A nonpartisan public policy institute that is part of Congress has published a report on the Internal Revenue Service’s Private Collection Agency program, detailing its history and sharing the pros and cons of using private companies to collect on debts owed by taxpayers to the federal government.
The IRS in late September awarded contracts to three private collection agencies — Coast Professional, CBE Group, and ConServe. CBE and ConServe were holdovers from the original contract award when the IRS revived the Private Collection Agency program after Congress passed a law requiring it to do so.
Without the Private Collection Agency program, “little or none of the tens of billions of dollars in the IRS’s inventory of inactive but collectible individual tax debt would ever be collected,” the report notes. Private agencies are also “likely to be more efficient than the IRS in collecting this debt.”
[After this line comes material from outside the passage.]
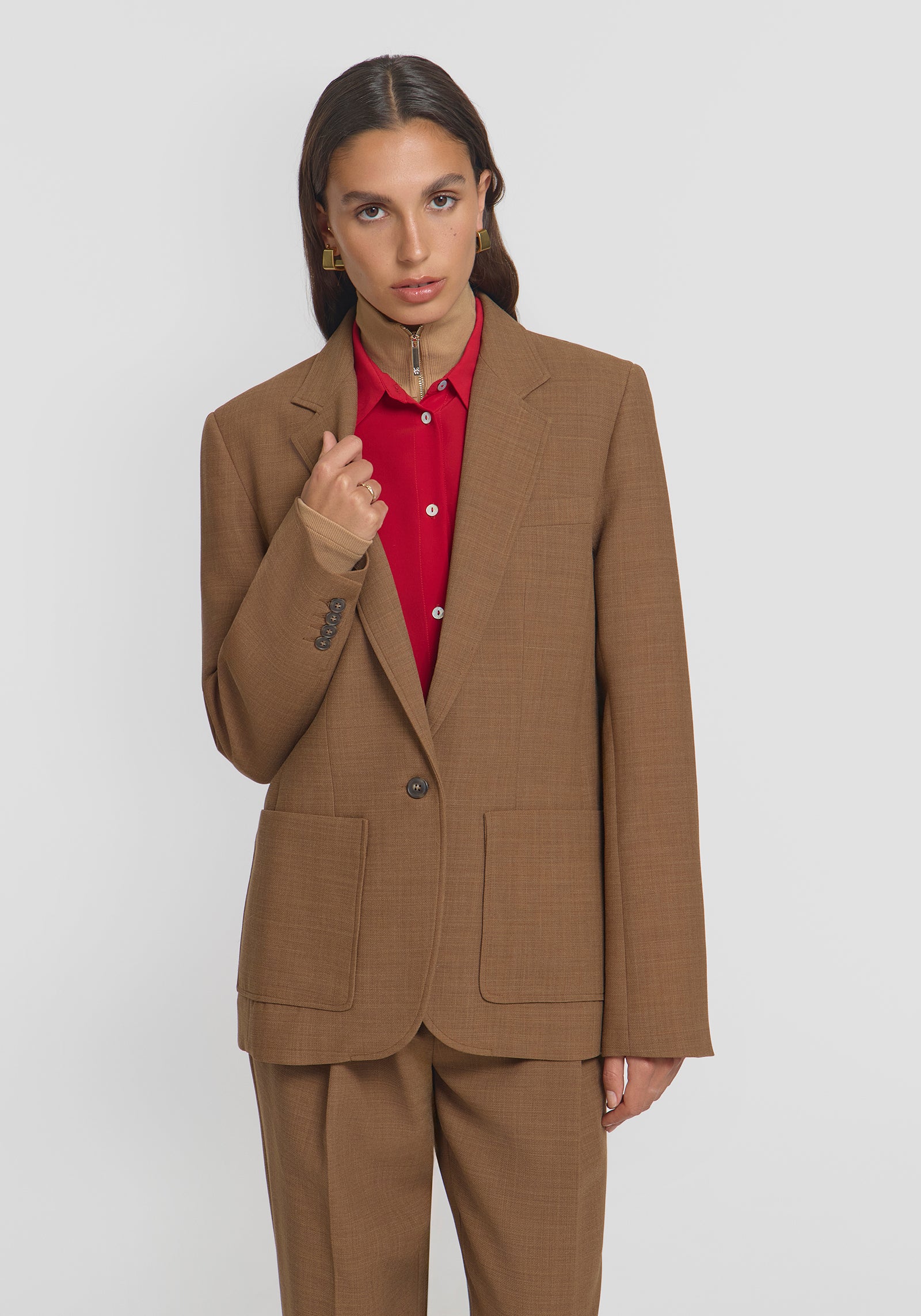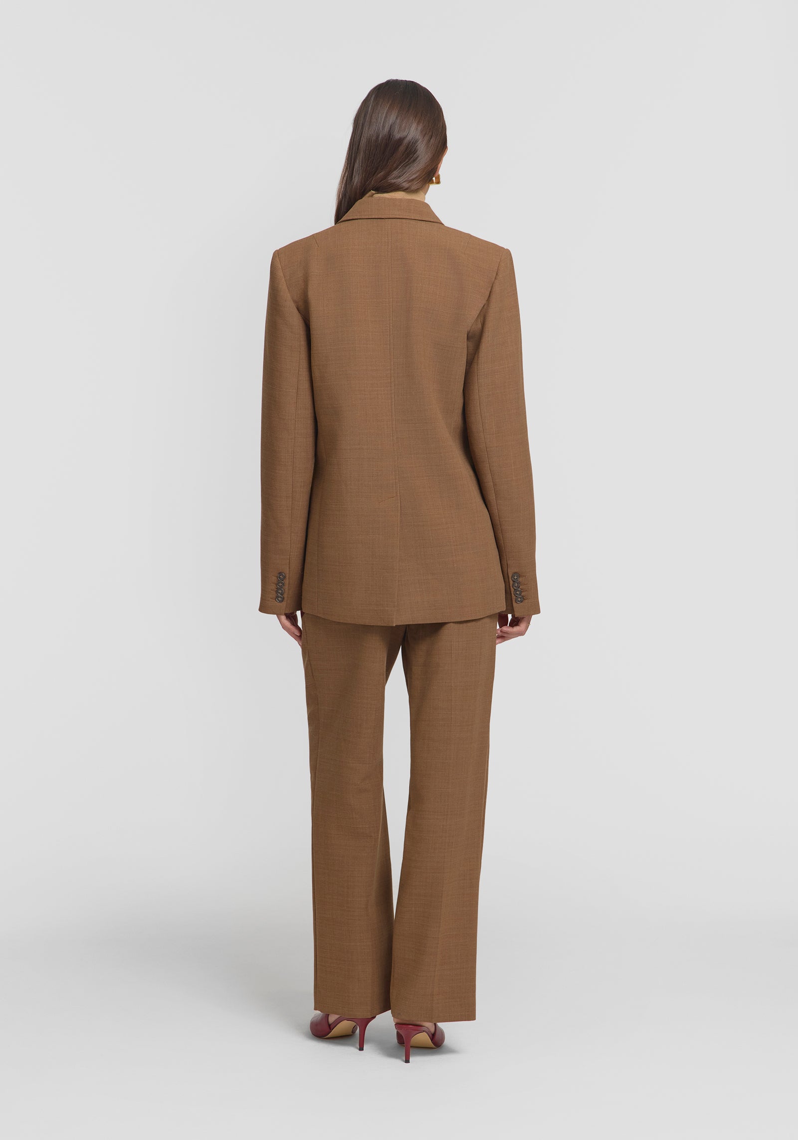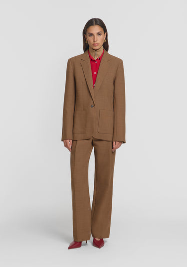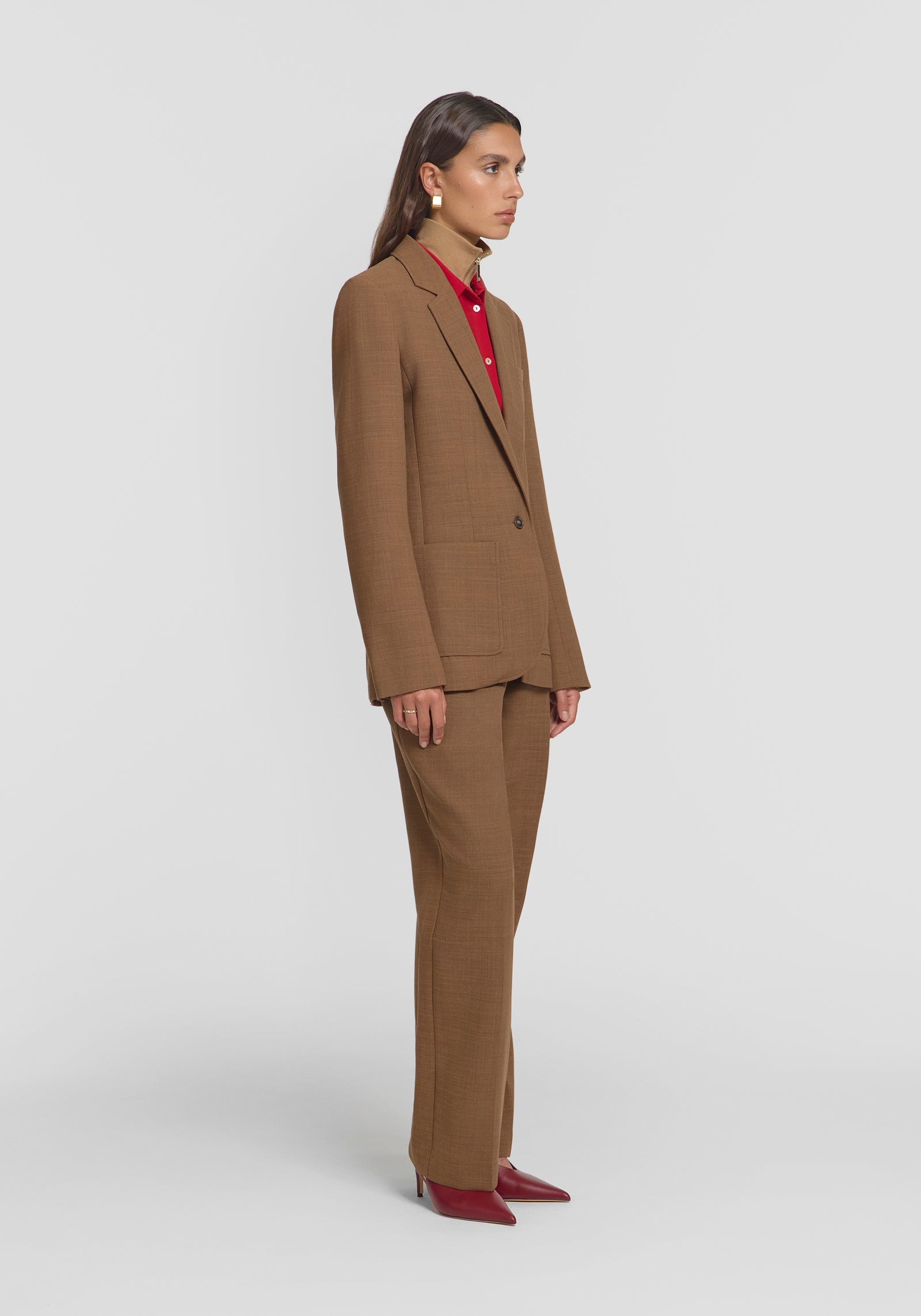 The Rothschild Blazer embodies sophisticated, timeless tailoring, crafted from a versatile brown wool blend. This single-breasted design features subtle shoulder padding, a relaxed waist, and a centre back vent for effortless structure. Finished with a signature logo button, style it with the Hightower Trouser for a refined, work-ready look.

At the same time, the IRS might be better served collecting the debt on its own, the report says. The IRS could hire its own collectors, which might be more cost-effective than outsourcing the process, and the IRS has flexibility that the private collection agencies don’t, such as the power to “reach installment agreements with or extend offers in compromise to taxpayers who cannot pay off their debt all at once,” according to the report. Earlier this year, an audit called out the agencies for taking commissions on payments that were made outside of formal payment arrangements, but the IRS rejected the recommendation and said it believed it was complying with the law by allowing the agencies to do so.
The report also notes that critics have claimed the Private Collection Agency program “imposes economic hardships” on low-income taxpayers. The IRS has faced scrutiny over the process through which accounts are selected to be placed with one of the private collection agencies.